I'm trying to understand how to use a black box likelihood function in pymc. Basically, this is explained here. I have tried implementing this on my own with a very simple Python model (a double logistic function), and no gradient. In addition to the code in the link I mentioned, that sets up the theano wrappers around the loglikelihood function, I have the following code
# Define the model
def my_model(p, t, m_m, m_M):
"""An simple double logistic model"""
return m_m + (m_M - m_m) * (
1.0 / (1 + np.exp(-p[0] * (t - p[1] * 365)))
+ 1.0 / (1 + np.exp(p[2] * (t - p[3] * 365)))
- 1
)
# The loglikelihood function
def log_lklhood(theta, t, data, sigma):
"""Normal log-likelihoood"""
y_pred = my_model(theta, t, data.max(), data.min())
retval = -(0.5 / sigma ** 2) * np.sum((data - y_pred) ** 2)
return retval
## Experimental data
data = np.array([0.104, 0.133, 0.131, 0.329, 0.669, 0.822, 0.847, 0.807, 0.638, 0.486, 0.162, 0.125])
t = np.array([1, 32, 61, 92, 122, 153, 183, 214, 245, 275, 306, 336])
sigma = 0.02 # Uncertainty in the observations
# Straight outta internet...
logl = LogLike(log_lklhood, data, t, sigma)
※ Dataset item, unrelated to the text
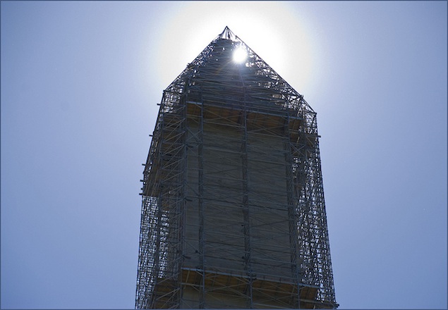 Things to Do Washington Monument Lights Up Monday Night The scaffolding covering the monument will be lit tonight and remain illuminated until 2014. After Hours, Miscellaneous | Jul 8, 2013

ndraws = 500 # number of draws from the distribution
nburn = 100 # number of "burn-in points" (which we'll discard)
# use PyMC3 to sampler from log-likelihood
with pm.Model():
theta1 = pm.Normal("theta_1", mu=0, sigma=1, testval=0.1)
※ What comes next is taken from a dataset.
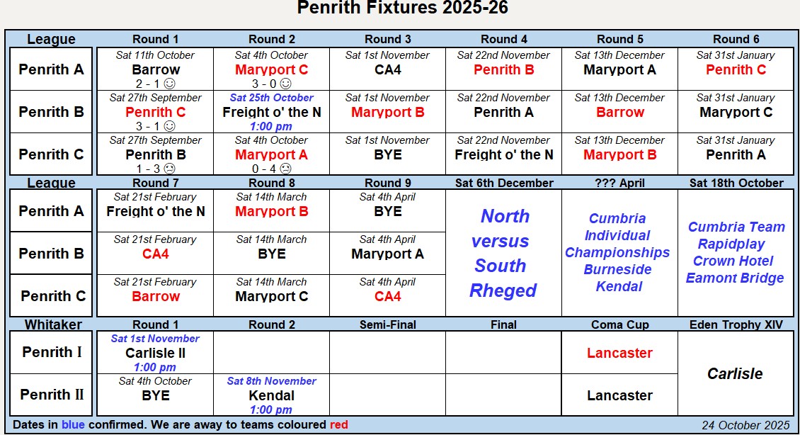 Penrith Chess Club currently runs three teams in the Cumbria Open League, though we have had as many as four. We also usually enter two teams in the Whitaker Handicap Trophy and from time to time, the Northern Counties Chess Union Competition.

theta3 = pm.Normal("theta_3", mu=0, sigma=1, testval=0.1)
theta2 = pm.Uniform("theta_2", lower=0.01, upper=0.5, testval=120.0 / 365)
theta4 = pm.Uniform("theta_4", lower=0.51, upper=0.99, testval=250.0 / 365)
# convert theta1...theta4 to a tensor vector
theta = tt.as_tensor_variable([theta1, theta2, theta3, theta4])
# use a DensityDist (use a lamdba function to "call" the Op)
pm.DensityDist("likelihood", lambda v: logl(v), observed={"v": theta})
# Use simple metropolis
step = pm.Metropolis()
trace = pm.sample(ndraws, tune=nburn, step=step, discard_tuned_samples=True)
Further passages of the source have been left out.